En vista del panorama, hace tiempo que en casa decidimos comprar el café en grano (y a granel), mezclando a discreción varios tipos según origen, de modo que procedemos a molerlo cuando va a ser consumido en siete o quince días, y así se conserva mejor.
Sí es importante para la conservación del aroma, guardar el tarro, con el café molido o no, en el frigorífico en la parte más baja, por ejemplo en el verdulero. Con esa temperatura su aroma durará mucho más.
Ésta es nuestra fórmula al comprar café, sobre un kilo o proporción: 60% de Colombia, 20% de Brasil y 20% de libre elección. El café de Colombia es riquísimo pero demasiado suave y apenas tiñe la leche. El de Brasil le añade cuerpo y el último vendría a reforzar el aroma de nuestra mezcla.
Para mi segundo desayuno, ya en la calle, los bares que frecuento tienen ya aprendida mi fórmula: en taza, poco café, mucha leche y nada de azúcar, ni sacarina tampoco. Lo cierto es que una vez que lo explico, son bastante atentos a mis deseos, y me sirven el café como me gusta. Todo esto ocurre a las 9,30 aproximadamente, en que salgo corriendo desesperadamente de la oficina (mi reino por un café, o sucedáneo incluso), y cuando vuelvo ya soy otra persona.
Siempre digo que en lo referente a Andalucía (no tengo información de otros sitios), es en Málaga donde cada proporción de café tiene un nombre. Recuerdo que cuando viajaba a esta capital, pedía un sombra y ése era mi café. En resumen, muchas pamplinas para cafetear, pero mi estómago lo agradece y mis nervios también.
4 comentarios:
Me encanta el aroma del cafe. La mousse de cafe, el tiramisu, los caramelos cremosos de cafe... Pero soy incapaz de tomarme un cafe.
Si, soy asi de rarita, pero no me cabe por la garganta. Y mira que lo he intentado, eh, porque ya te digo que me gusta el sabor en cosas de comer. Pero no me gusta el sabor del cafe ni el mocha, ni macciato, ni americano, mucho menos expresso,ni capuccino, nada, nada, nada.
A mí me pasa más o menos lo mismo, y me encanta el olor del café en el trabajo por la mañana, pero no lo bebo porque no me entusiasma, únicamente cuando no hay más remedio, con muy poco café y mucho azúcar, o con mucha leche condensada. Y descafeinado porque me pongo nerviosísima.
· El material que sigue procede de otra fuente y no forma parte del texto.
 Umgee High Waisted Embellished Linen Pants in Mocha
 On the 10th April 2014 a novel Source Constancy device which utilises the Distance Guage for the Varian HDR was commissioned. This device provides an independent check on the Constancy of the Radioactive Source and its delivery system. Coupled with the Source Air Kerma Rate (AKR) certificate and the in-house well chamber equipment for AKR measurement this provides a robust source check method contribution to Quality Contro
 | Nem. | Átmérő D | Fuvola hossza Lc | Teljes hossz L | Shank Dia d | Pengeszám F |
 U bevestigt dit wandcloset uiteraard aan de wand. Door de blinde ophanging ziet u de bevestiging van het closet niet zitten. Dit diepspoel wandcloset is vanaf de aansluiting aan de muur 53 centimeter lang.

El café tiene una cosa curiosísima, da igual que sea mentira:
Es, creo haber oído, junto a otra cosa que no recuerdo, imposible de sintetizar en laboratorio. El rigor, por encima de todo.
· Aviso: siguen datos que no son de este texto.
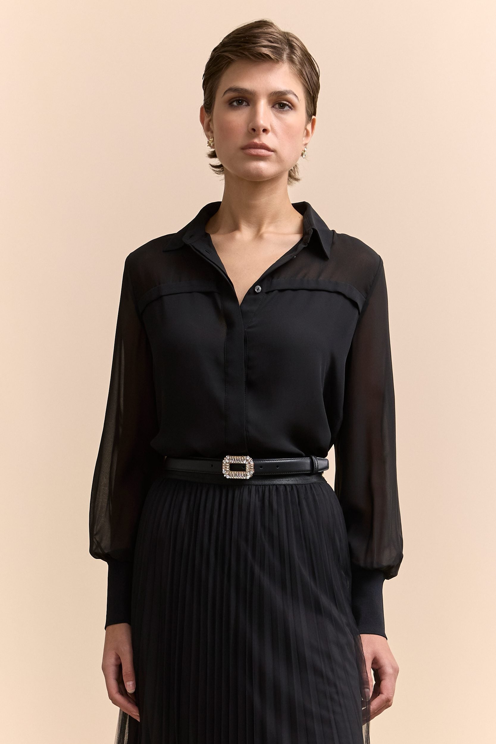 Crepe & chiffon blouse with puffy sleeves
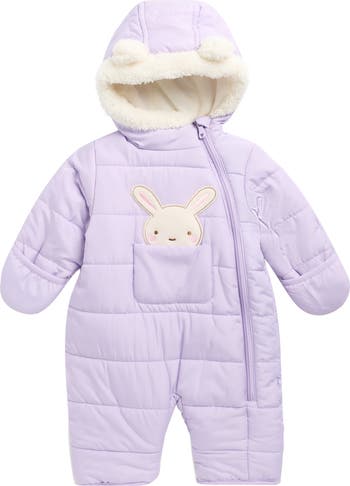 Keep your cutie extra cozy when the temp drops in this adorable quilted pram trimmed with faux fur.
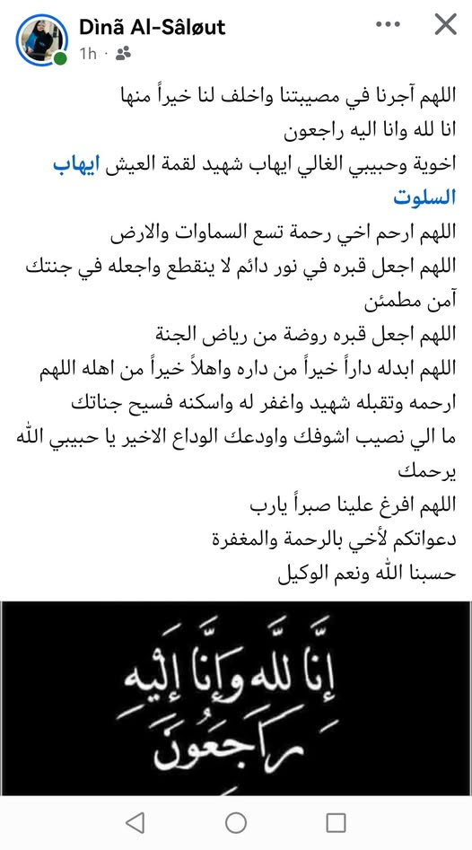 Ihab al-Salut was mourned by his sister’s husband Mohammed A. al-Salut and his neighbor Fares Aldaour who included an image of Ihab posing in front of a car covered in flowers.
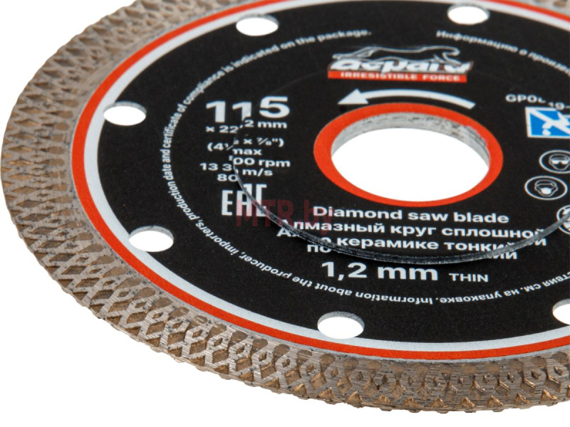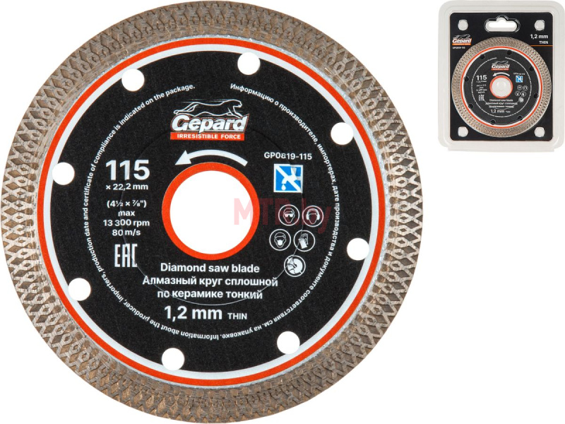 Круг (диск) отрезной алмазный Gepard сплошной по керамике тонкий 115*22,2 мм
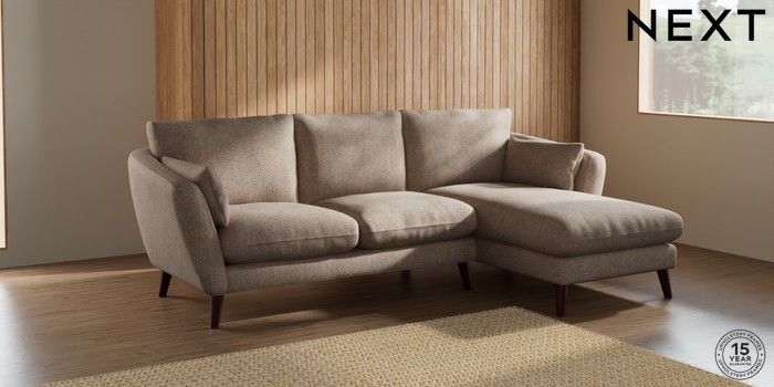 6.12.1 Buy Orlo Relaxed Sit Medium Sofa Chaise - Right Hand Tweedy Chenille Mid Natural Retro Tapered - Dark Brown from the Next UK online shop Click here to use our accessible website
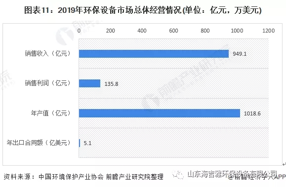在《2020环保产业发展状况报告》中,2019年纳入统计的环保设备市场共有1583家企业;年产值为1018.60亿元,销售收入和销售利润分别为949.10亿元和135.80亿元,实现出口合同额51245.60万美元。
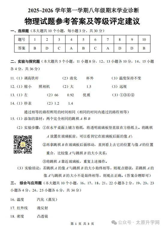 初二物理答案

Su aroma es envolvente y enigmático, aunque tiene detractores en igual número (lo que significa que el número de habitantes es siempre par) que defensores.
Estimula la fibra cardíaca, aunque hay bebedores compulsivos que obtienen el aparente subidón debido al azúcar que añaden en cada tacita.
Es infinito el abanico de vivencias alrededor de esta bebida:
Si dulce, si amargo, si frío, si solo... Cada sorbo, distinto.
Piscina de galletas que se ablandan, o transfusión para magdalenas secas de afectos que huyen preñadas de líquido.
Final de comidas que se organizan mejor en el estómago cuando llega ese último trago, aplacador de atracones.
Despertador por lo que conforta.
Ahora bien, provocador de multiguiños, respuestas airadas, dolores de cabeza, se hace imprescindible y te crea la adicción, porque no soporta tu abandono.
No pierde con licor alguno comparación para la reunión y el rato de lectura del periódico.
Y su olor, como decía, una llamada imposible de ignorar.
Finalmente, aunque mi compañera de trabajo toma un refresco, el vigilante un té, la subdirectora agua y yo un zumo de naranja, todos decimos lo mismo a la hora del desayuno, esquivando clientes:
-Salgo a tomar café. Vuelvo en breves instantes.
Creo que esta descripción complementa lo dicho sobre el café, y era totalmente necesaria. Gracias.